== DATA EXTRACT ==

%%

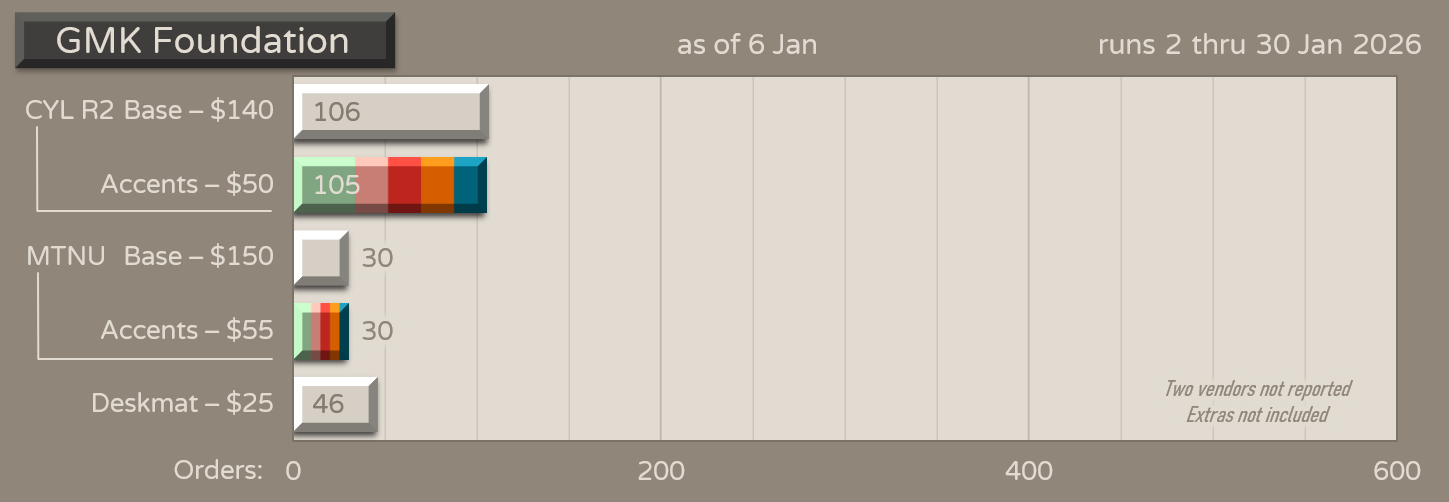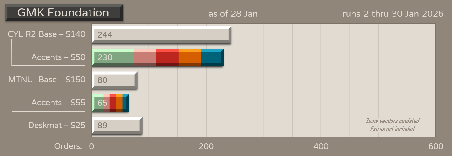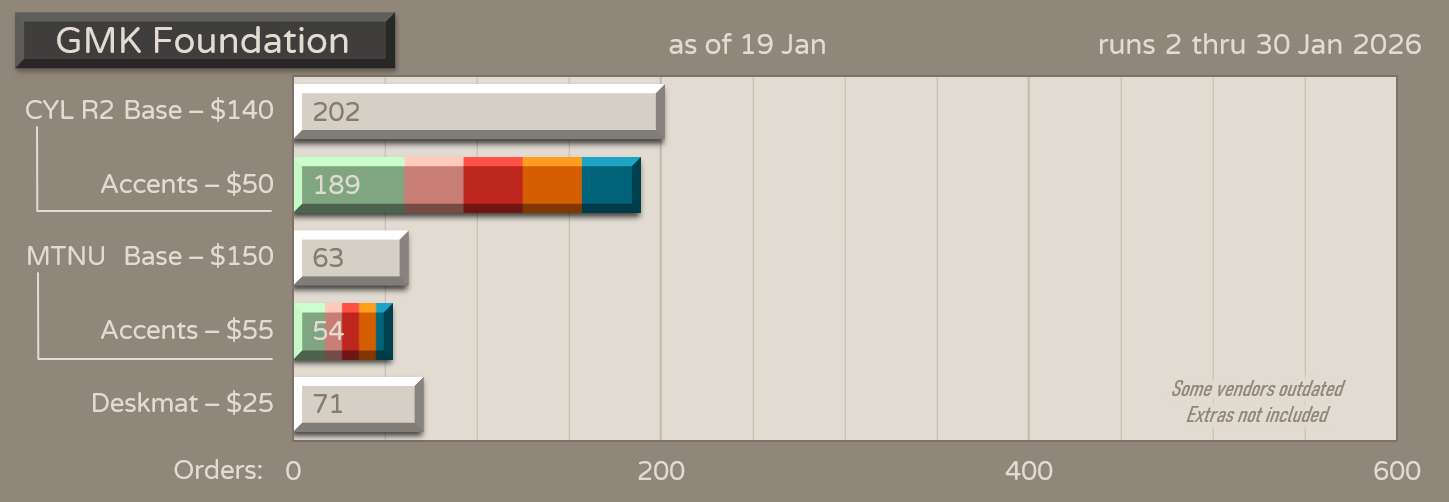 Quote from: ClingyMonkee on Thu, 04 April 2024, 16:16:49Any chance of us seeing an R2 or at least a KKB version? Would love to see this in ABS instead of PBT+ABS.bet. GMK Foundation R2 is returning. Group buy starts January 2, 2026 worldwide!@swishy didn't have the chance to post the geekhack thread and he apologizes sincerely
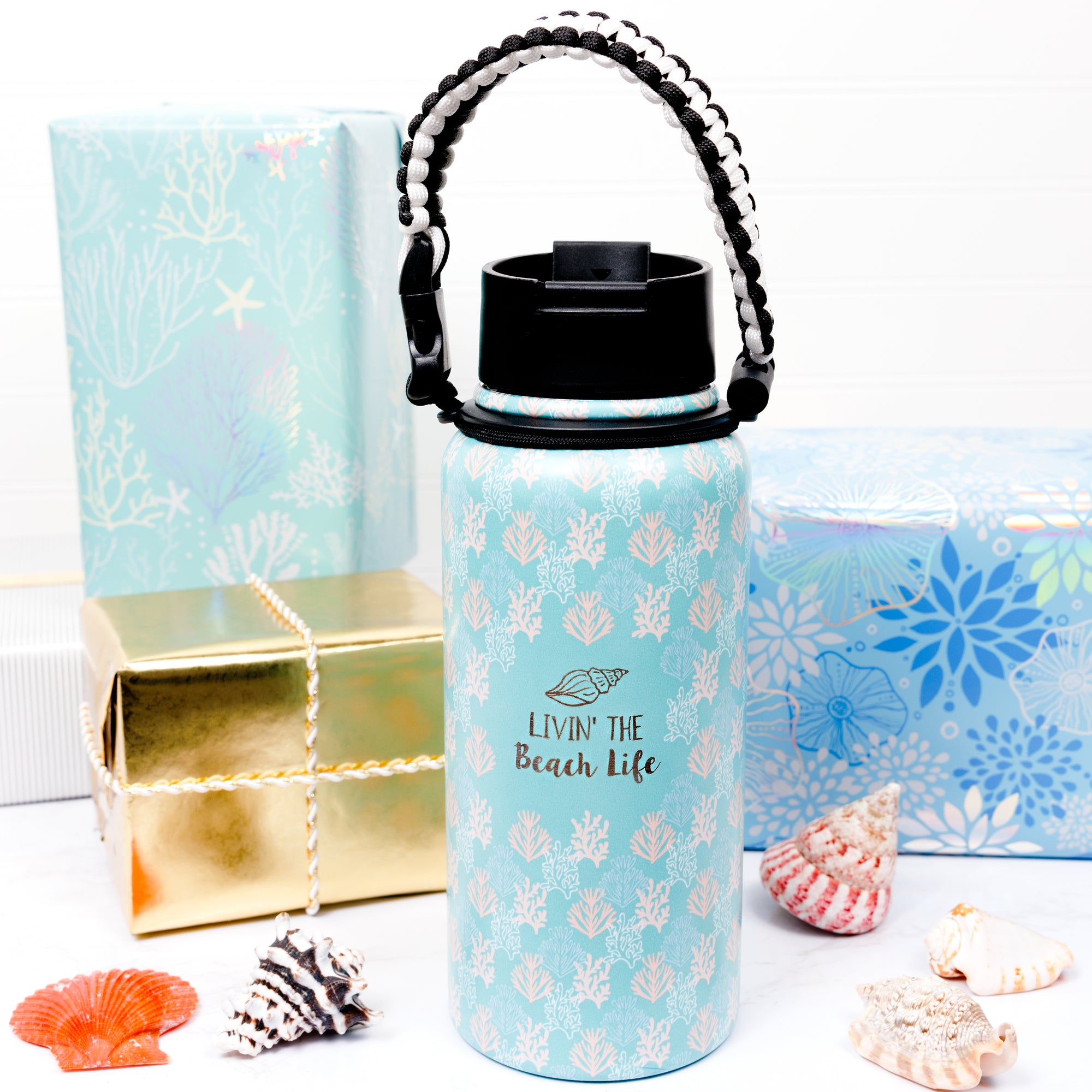 - IN-HOUSE DESIGN: The wrap-around matte turquoise heat-transferred tan and white coral patterns encompass the exterior of the vessel's body. The laser-engraved "Livin' The Beach Life" sentiment and large conge shell are silver and placed in the middle-center of the front. This thermo keeps drinks cold for 12 hours and hot for 6 hours.
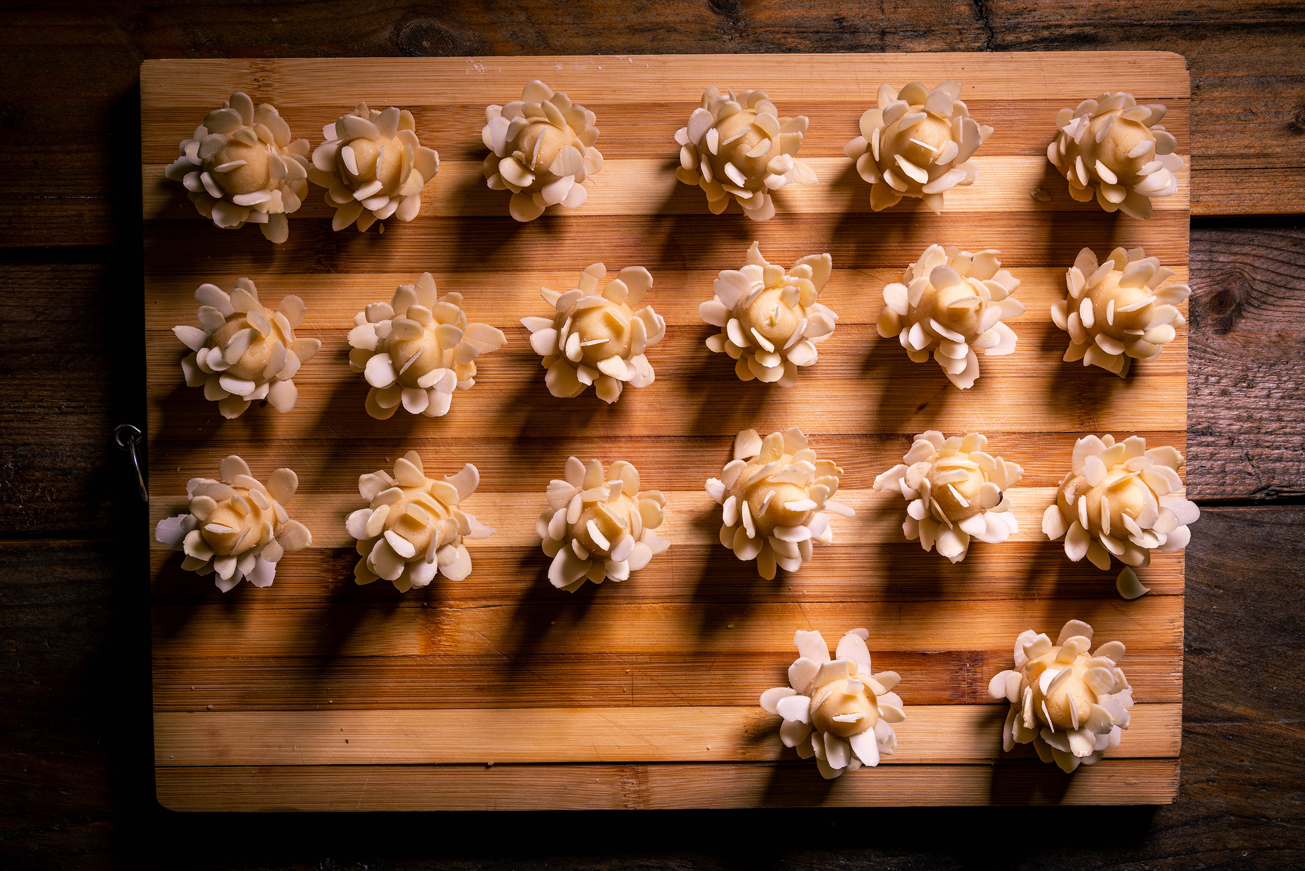 20 Marzipanzapfen, gespickt mit Mandelhobeln.
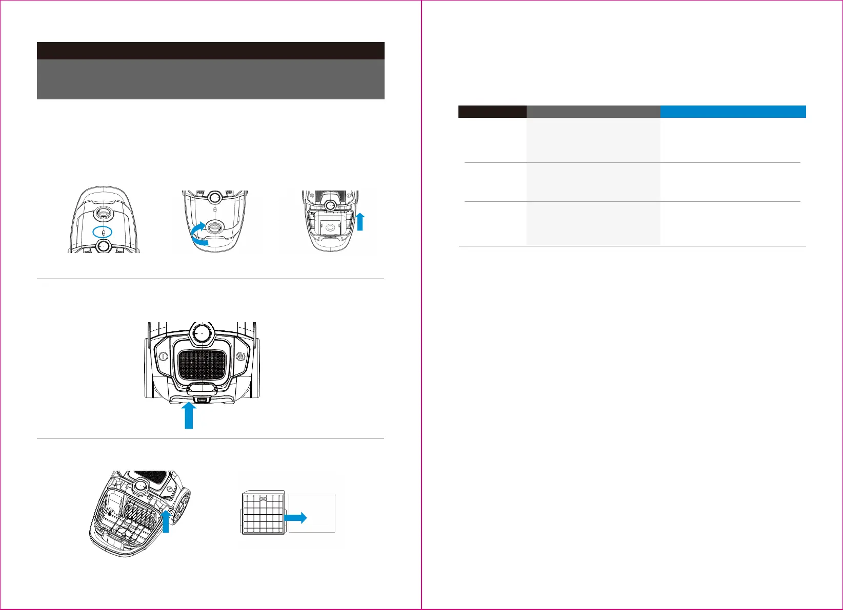 vrecko za nové. Otvorte predný kryt zaklapnutím. Vyberte vrecko a potom vyberte plné vrecko
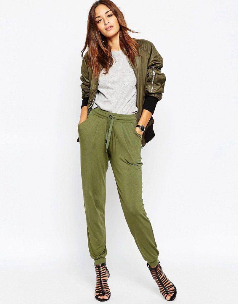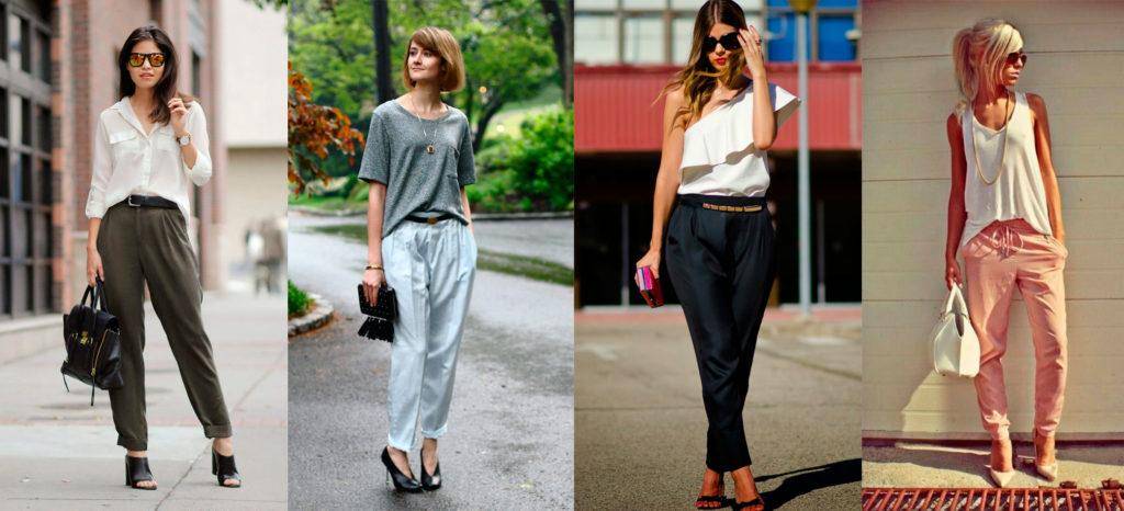 Напряженный темп жизни городских женщин вносит свои коррективы в их гардероб. С развитием уличной моды на смену классическим костюмам пришла удобная одежда. Однотонные штаны в сочетании с футболкой или майкой, дополненные кроссовками — вариант для повседневного лука.
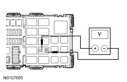 - Measure the voltage between the trailer battery charge relay pin 5, circuit SBB30 (BN/RD), BJB (Battery Junction Box) face side and the trailer battery charge relay pin 1, circuit GD120 (BK/GN), BJB (Battery Junction Box) face side.
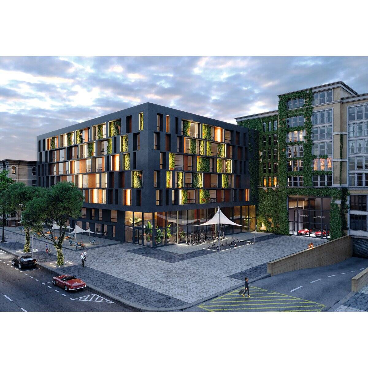 architektura miejska,oświetlenie fasady,oświetlenie ściany,architektura zielona
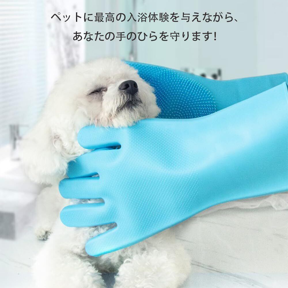 BIUTEFOR ペットブラシ 手袋 犬 シャンプーブラシ 猫 ブラッシング 猫の毛取り 【左右1ペア】入浴、マッサージ、脱毛
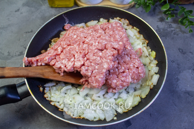 Добавьте фарш и обжаривайте вместе, пока фарш слегка не подрумянится.
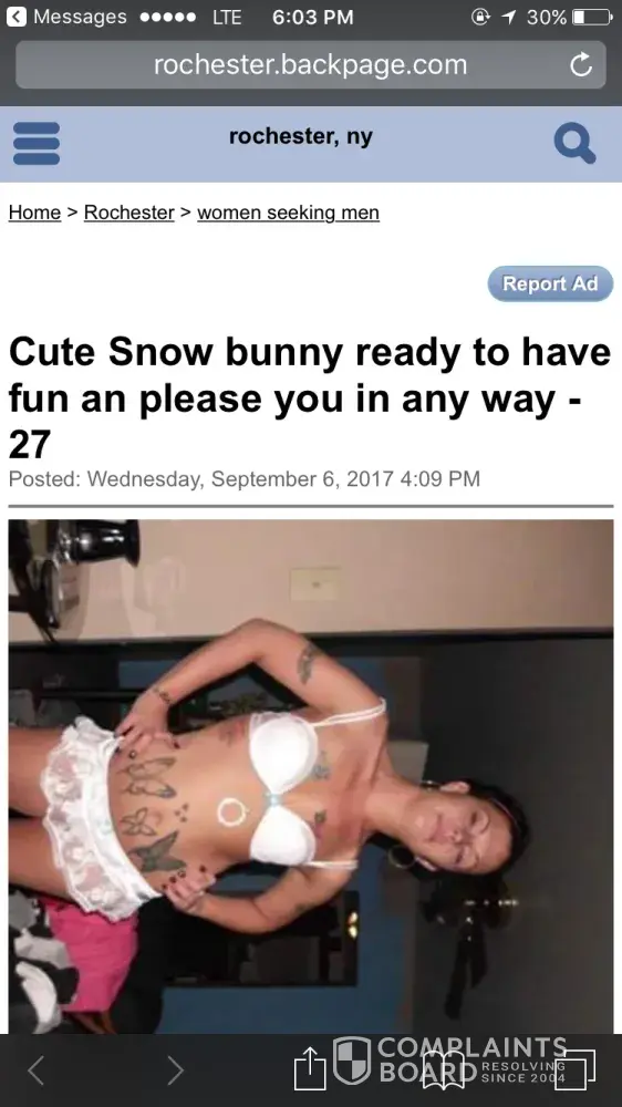 Be forced to report it to the authorities and lodge a formal complaint since you don't see it fit to check before things are posted and have no way to contact you to report a problem. Fix this immediately. http://rochester.backpage.com/WomenSeekMen/cute-snow-bunny-ready-to-have-fun-an-please-you-in-any-way/30603253

%%

== ABOUT THIS TASK ==
Give back exactly the lines from the one containing "architektura miejska,oświetlenie fasady,oświetlenie" to the final line of the entries, both included, and no picture.

== TASK RESPONSE ==
 architektura miejska,oświetlenie fasady,oświetlenie ściany,architektura zielona
 BIUTEFOR ペットブラシ 手袋 犬 シャンプーブラシ 猫 ブラッシング 猫の毛取り 【左右1ペア】入浴、マッサージ、脱毛
 Добавьте фарш и обжаривайте вместе, пока фарш слегка не подрумянится.
 Be forced to report it to the authorities and lodge a formal complaint since you don't see it fit to check before things are posted and have no way to contact you to report a problem. Fix this immediately. http://rochester.backpage.com/WomenSeekMen/cute-snow-bunny-ready-to-have-fun-an-please-you-in-any-way/30603253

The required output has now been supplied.